Я ничего не имела против миссис Айзекс, но услышав, как она упаковывает вещи, облегченно вздохнула.

Перед уходом, когда на пороге, сияя из-за груды сумок и коробок, ее уже ждал дородный с иголочки одетый муж, она на секунду задержалась возле детской кроватки, стоявшей у меня в ногах. Детей принесли на кормление, и проходило обычно не меньше часа, прежде чем их забирали обратно.

— Поздравляю, — сказала она. — Мальчик или девочка?

— Девочка.

— Как хотите назвать?

Я ответила, что еще не решила.

— А… ну, тогда до свидания. Всего наилучшего.

— Всего доброго.

Когда она ушла, я несколько минут наслаждалась чувством собственности. Комната моя, телефон мой, теперь меня наверняка переложат на ее кровать, и я смогу глядеть через окно на узкую улочку. В хрустальных вазах уже начали вянуть оставленные ею гвоздики и адиантумы. На тумбочке аккуратной стопкой лежали ее журналы с модными образцами вязания и длиннющими романами.

Проснувшись, я увидела, что цветы и газеты исчезли, белье с соседней кровати сняли, и теперь она стала гладкая и холодная, как мраморная доска, а занавеску подняли вверх; так в первый раз за все время далекое солнце коснулось меня своим холодным лучом, и я увидела троллейбусы, снующие в тумане улицы, как катера по реке. Дочь унесли, и я, вдруг почувствовав себя очень одинокой, нажала кнопку звонка. Над дверью загорелся красный свет, по коридору, прорываясь сквозь пеленки, пронесся пронзительный детский плач, режущий слух, как цыплячий писк, доносящийся на рассвете с птицефермы, однако никто не появился. Я позвонила домой — телефон не отвечал: наверное, мама гуляла с детьми в парке. Я позвонила на работу мужу — его тоже не было. Я заплакала: больше всего на свете мне хотелось, чтобы хоть кто-нибудь оказался рядом, и с тоской подумала о миссис Айзекс, от которой веяло унылым домашним уютом.
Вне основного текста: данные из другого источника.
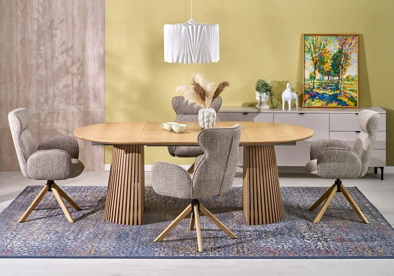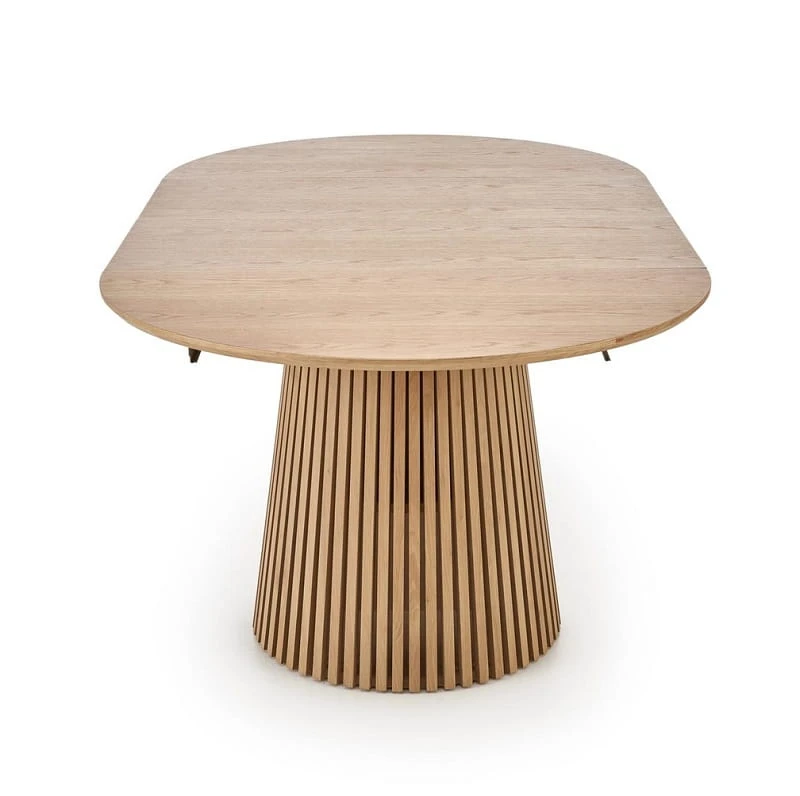 Ten wyjątkowy okrągły rozkładany stół został zaprojektowany z myślą o nowoczesnych domach, gdzie przestrzeń musi być wykorzystana mądrze, a każdy mebel powinien służyć wielu celom. Standardowa średnica 120 cm to idealne wymiary dla codziennego użytkowania - wystarczająco przestronna dla rodziny, ale nie przytłaczająca w mniejszej jadalni. Prawdziwa magia zaczyna się jednak, gdy potrzebujesz więcej miejsca - dzięki intuicyjnemu mechanizmowi rozsuwania możesz zwiększyć długość blatu aż do imponujących 210 cm, co oznacza wygodne miejsce dla nawet 8-10 osób. Blat wykonany z wysokiej jakości MDF-u pokrytego naturalną okleiną łączy w sobie trwałość z autentycznym pięknem drewna. Ciepły, naturalny odcień wprowadza do wnętrza przytulność i harmonię, jednocześnie zapewniając powierzchnię odporną na codzienne użytkowanie. Nie musisz się martwić o ślady czy zarysowania - ten stół został stworzony z myślą o intensywnym użytkowaniu przez lata.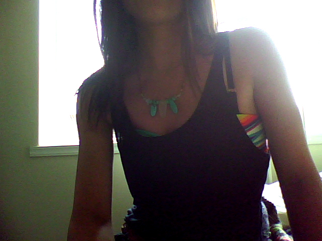 Not much time for an outfit post this morning but I managed to snap a quick picture! It is very similar to yesterday as I am all in black (I don’t know what it is with me and black at the moment!) I am wearing my beautiful aztec bandeau from Forever 21 fors the first time. It gives a pop of colour to my outfit. I am obviously wearing my new sea glass necklace….it is love!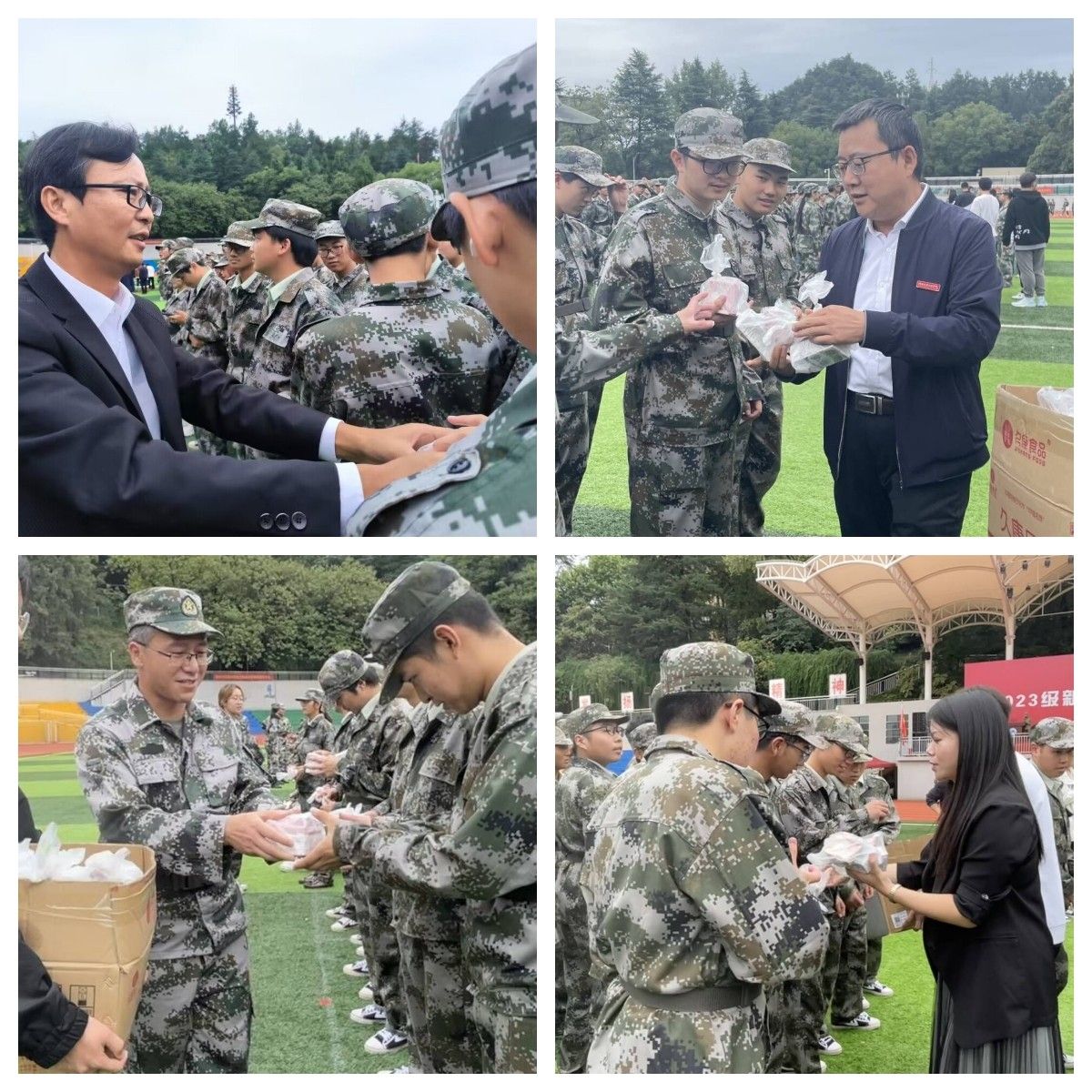 分党委书记杨亚会、副书记周彬,及学工办全体辅导员在大操场向参训新生们送上节日的亲切问候,对他们在军训期间所展现出的坚韧不拔的优良品质给予了充分的肯定,鼓励他们将军训的成果和收获传承发扬到接下来的学习与生活中,不负韶华,度过充实的大学生活,并为同学们送上了香甜可口的月饼和牛奶,与全体新生提前过了一个特别的中秋。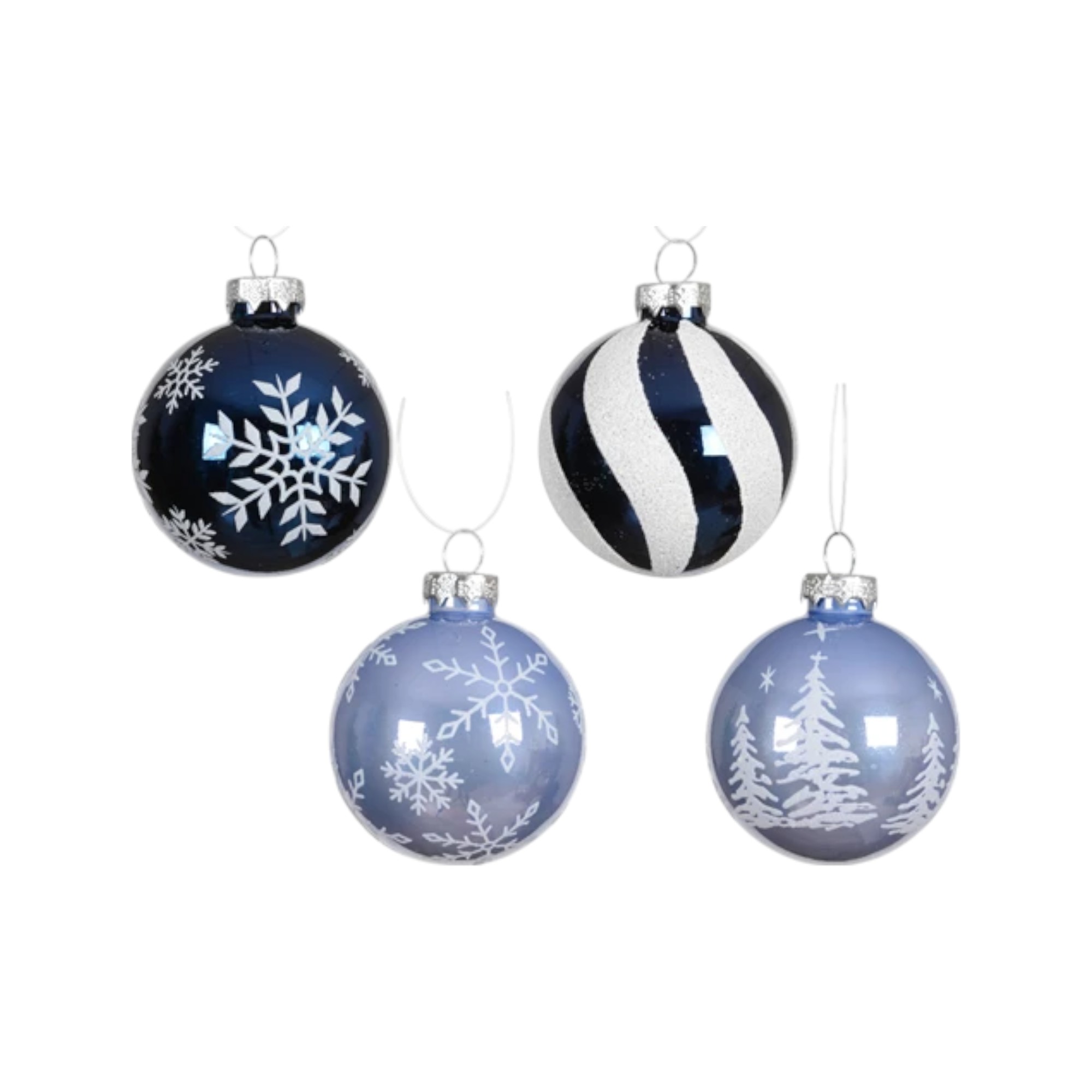 fire styk blå blanke glas julekugler med hvide bolche striber fra øverst til nederst på kuglen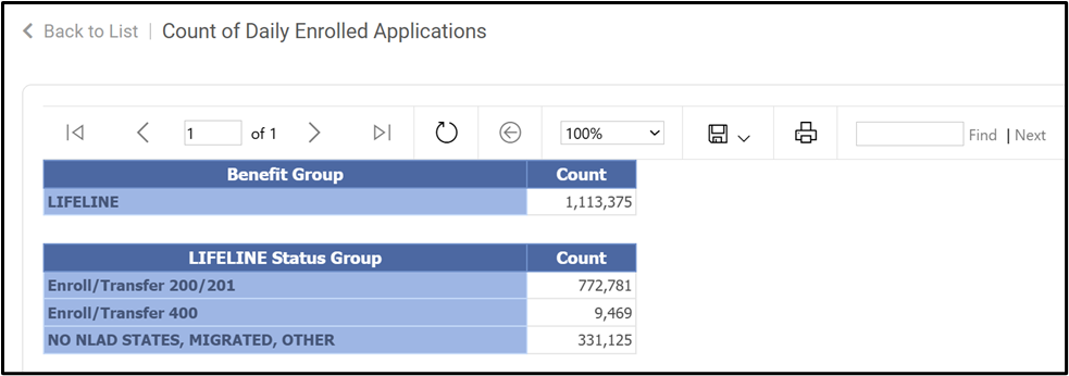 This report displays key information related to the Lifeline benefit. As shown in the image below, a set of fields is available to allow users to customize the data output.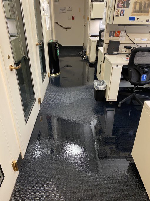 Trưởng phóng viên Nhà Trắng John Roberts của Fox News đã đang tải trên twitter ngày 10/9 những bức ảnh sàn trải thảm dưới tầng hầm Nhà Trắng bị ngâm trong nước.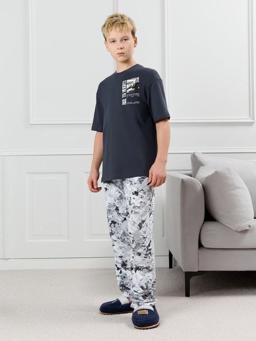 Костюм для мальчика, состоящий из футболки и брюк. Футболка однотонная с принтом на груди; модель свободная, со спущенной линией плеч, овальным вырезом горловины. Брюки из полотна с набивным рисунком эксклюзивного дизайна, прямые, с боковыми карманами с обтачными входами, на притачном поясе с отстроченной эластичной тесьмой.

Когда же наконец двойные двери распахнулись, я поняла, что это опять не ко мне. В них с опаской просунулась тележка: она остановилась в дверях, и я услышала приглушенные голоса. На тележке лежала молодая женщина, видна была только ее голова и плечи; всклокоченные светлые волосы разметались по подушке, а красное, распухшее от горя лицо, казалось бесформенным, как у ребенка; все, что вкатилось в комнату потом, было закрыто простыней. Не обращая не меня ни малейшего внимания, сестры, возникшие вслед за тележкой, деловито опустили разделяющую занавеску. В дверях, шаря несчастным взглядом в поисках исчезнувшей тележки и не решаясь войти, робко стоял молодой человек, прижимая к груди кучу всякой всячины: мягкие резиновые тапочки, какие обычно носят школьницы, девичий халат, явно из приданого, пористую сумку и розовый зонтик. Мокрые от пота волосы смешно сбились на макушке, и от этого его длинное мальчишеское лицо казалось еще более жалким.

— Добрый день, — сказал он тихо и вежливо.
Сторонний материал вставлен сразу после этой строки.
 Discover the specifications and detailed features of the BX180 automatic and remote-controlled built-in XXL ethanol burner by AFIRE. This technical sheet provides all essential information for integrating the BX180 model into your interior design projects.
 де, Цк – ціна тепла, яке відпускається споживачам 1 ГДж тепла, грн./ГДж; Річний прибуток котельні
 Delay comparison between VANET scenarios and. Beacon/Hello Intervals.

Он был очень вежливый. Служил, наверное, в каком-нибудь Министерстве — Иностранных или Внутренних Дел, а может, По Делам Колоний, но в эту среду, бросив все дела, примчался сюда, растерянный и ошеломленный.

— Пройдите, мистер Перкинс, — строго сказала сестра.

Краснея, он стал пробираться через занавески, запутался в них, уронил зонтик, принялся извиняться, и я услышала всхлипывания его жены, такие жалобные, такие детские. Сестры пронеслись мимо моей кровати с пустой тележкой и выскочили из комнаты.

На минуту мы остались одни — Перкинсы и я. Боясь их смутить, я притаилась в своей постели за занавеской.

Она рыдала.

— Дорогая, все будет хорошо, — торопливо зашептал он. — Вот увидишь, все будет хорошо!

Рыдания.

— Милая, все будет хорошо. Честное слово. Обещаю тебе.

Она зарыдала еще сильнее.

В палату снова влетела сестра и произнесла почти нежно:

— Мистер Перкинс, не угодно ли будет подождать в коридоре?

— Да-да, конечно, — пробормотал он, но не двинулся с места.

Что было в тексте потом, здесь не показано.